Procedure. Fecal samples collected from a mixed flock of 450 game-farm reared, adult ring-necked pheasants during a 20 week period beginning January 21, and ending June 3, 1973, were examined for coccidian oocysts. The number of oocysts per gm. of feces was determined for each week's sample by using a modified McMaster's helminth egg counting technique, and the proportion of the Eimeria species present in the block was determined by performing differential counts of the samples collected. One-hundred newly hatched pheasant chicks were also sampled for coccidian oocysts during a 5 week period beginning May 5, and ending June 3, 1973. The samples taken from the young birds were processed in a manner similar to that for the adult birds.

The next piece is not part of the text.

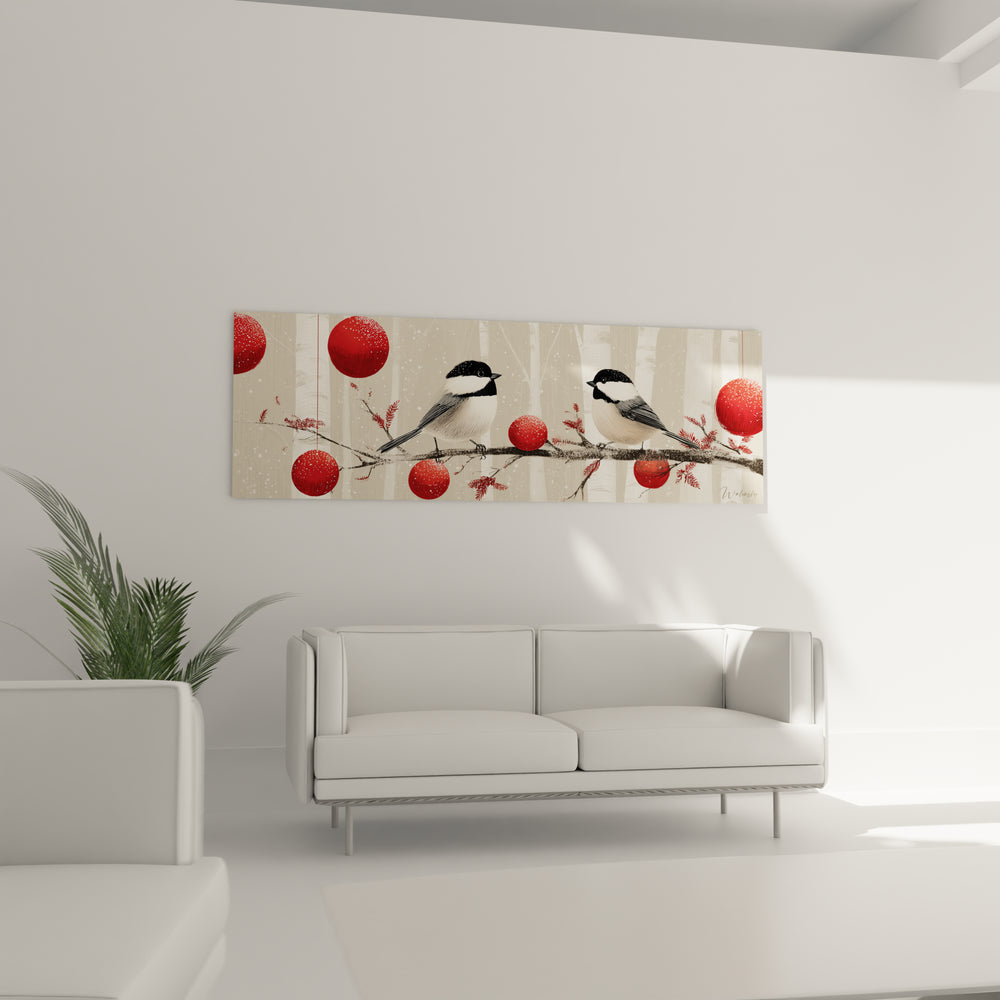 Ce tableau oiseaux présente deux mésanges à tête noire perchées sur une branche, créant une scène hivernale d'une délicatesse remarquable. L'œuvre frappe immédiatement par ses boules rouges ornementales qui ponctuent la composition, évoquant l'esprit festif dans un cadre naturel. Le tableau oiseaux hiver révèle un équilibre parfait entre réalisme et stylisation, où chaque détail contribue à une atmosphère chaleureuse malgré le contexte hivernal. Les deux oiseaux, positionnés en miroir, créent une dynamique visuelle captivante qui attire le regard vers le centre de l'œuvre. La neige qui tombe délicatement ajoute une dimension poétique à cette décoration murale oiseaux exceptionnelle.

Findings. Only four of the eight recognized species of Eimeria reported to infect the pheasant were found to be present in this study. They are Eimeria phasiani, E. pacifica, E. duodenalis, and E. tetartooimia. E. phasiani and E. pacifica were the most prevalent species in the adult birds each averaging 42.0 percent of the mean differential counts for the entire survey. E. tetartooimia and E. duodenalis were the next most prevalent species averaging 10.5 and 4.0 percent of the mean differential counts, respectively. E. phasiani, alone, dominated the differential counts of the samples taken from the young birds and occurred with 75.0 to 94.0 percent frequency. E. pacifica, E. tetartooimia, and E. duodenalis were the next most prevalent, respectively, all with percentages below 10. A small number of coccidian oocysts resembling those of Isospora lacazei were also found but these were considered to be contaminants from passeriform birds.
Conclusions. As stated in the findings, four species of Eimeria and one of Isospora were found to be present in the ring-necked pheasants of this study. Oocyst production
appeared to vary with the climatic conditions; if the climatic conditions were stable, the oocyst production was relatively stable, but if the climatic conditions were abruptly altered, the oocyst production appeared to increase. Immunity appeared to be well established in the young birds within 5 weeks after hatching and apparently a state of premunition existed within the hosts by this time.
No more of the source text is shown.